HP has
released a roadmap outlining future development of OpenVMS, the operating system that commercialized many features that are now considered standard requirements for any high-end server operating system. (Such as Integrated networking, Symmetrical, asymmetrical, and NUMA multiprocessing, including clustering, distributed file system (Files-11),
Integrated database features, support for multiple computer programming languages, hardware partitioning of multiprocessors, etc). With over 30 years of development, OpenVMS has stood the test of time and has continued to evolve as one of the most secure and trusted mission critical OS's of our time.
Member since:
2005-07-06
Although that would be great, I'd say that over half the performance and stability is due to the combination of the hardware and software rather than simply the software alone.

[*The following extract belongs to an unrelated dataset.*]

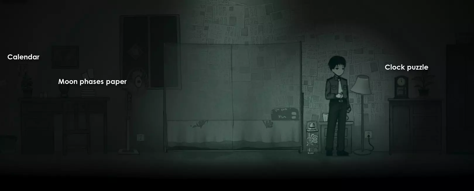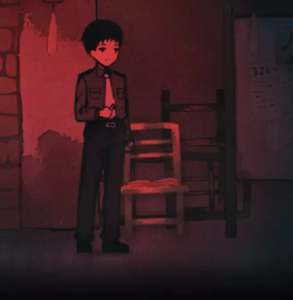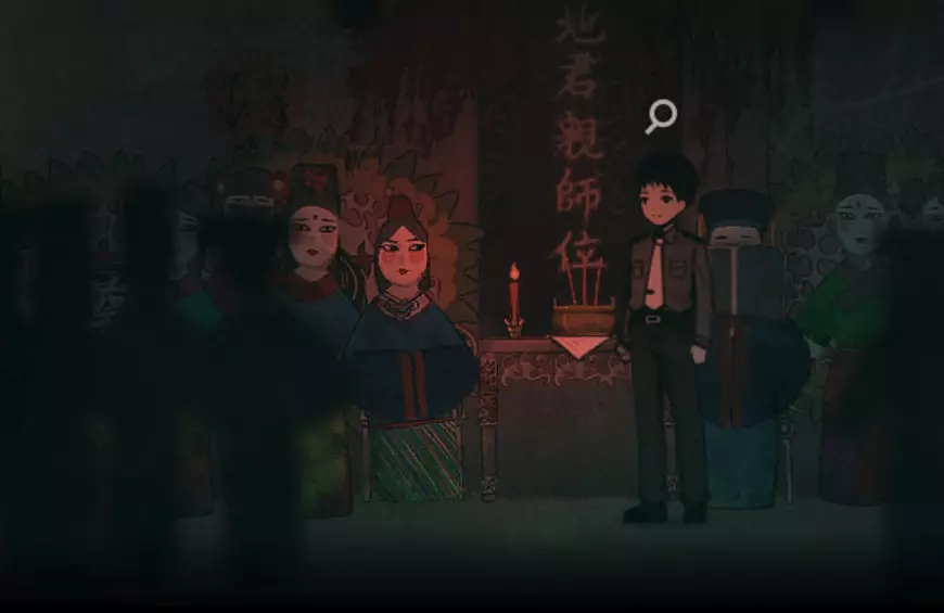 回到室内,桌上放着红色蜡烛的那部电话会响起,接起电话。 通话结束后,电话右侧的肖像画会发生变化,查看它可以找到音符。向右走,回到门厅。 在前门处你会进行一段对话,并有其他人加入你。 正如游戏提示,现在你可以重新访问一些地方获取更多信息,但遗憾的是只有两处新内容。 先查看门厅里的日历,了解一些关于这个家庭的信息,然后回到客厅,与电视左侧肖像画上的音符互动,获取密码。 回到门厅,输入密码5358后离开。 第三章 你会回到门厅,但这里有些不一样了。与你右侧墙上的破损书页互动以触发场景,然后向左走,与墙上挂着的玩具相机互动。 这会使艺术风格发生极大变化,你可以再次使用玩具相机反转图像,但暂时保持当前状态。使用左侧的门。 你再次回到客厅,向左走并与红色图画互动,现在使用房间右侧的玩具相机反转图像,回到“正常”状态。 向左走到你看到红色人影的地方,与桌子互动,然后选择移动雕像以找到一页日记。 阅读日记,并按照页面底部的指示按以下方式折叠:向下、向上、向上、向右、向左、向下。如果操作正确,将开始一个场景,在需要时进行互动。你将控制一只蝌蚪,操作非常简单,只需四处移动并进入每个红色圆圈进行互动,获取一些对话。 现在你在一间教室里。 稍微向右移动,使用这里的互动点。

I remember writing an assignment on OpenVMS, and the history of DEC's hardware. From the early days to VAX then through to Alpha. The only let down DEC had was that it was a company run by engineers - resulting in great products but marketed so poorly.

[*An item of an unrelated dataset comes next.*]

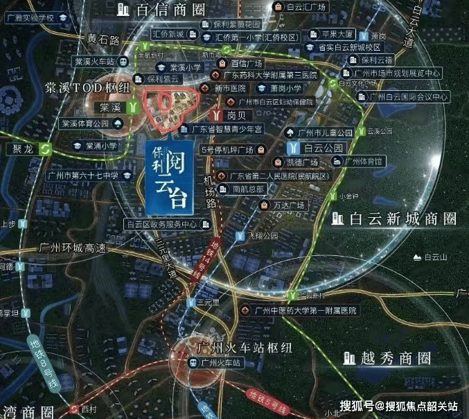 保利·阅云台傲踞于白云TOD现象级综合体,拥有1轻轨、2高铁、7地铁编织的立体交通网络,构成了440亿投资铸就的产城融合范本。该项目不仅聚合了商务、教育、商业、居住全维生态,还引领着枢纽经济新时代的到来。优越的地理位置使得这里成为了湾区心脏和TOD城市样本。

With that being said, they could do a x86-64 port but it would require very very narrow parameters, and it would only run on a very small range of hardware - then at the end the question could be asked, would it make businesses sense? I guess there have been questions raised like this in HP but the business boffins have number crunched and decided it wasn't feasible. With that being said, it would be interesting to see once Intel moves to the single motherboard platform where Xeon and Itanium can be swapped - it'll mean that Itanium processors will become accessible through retail channels; be it they be very specialised.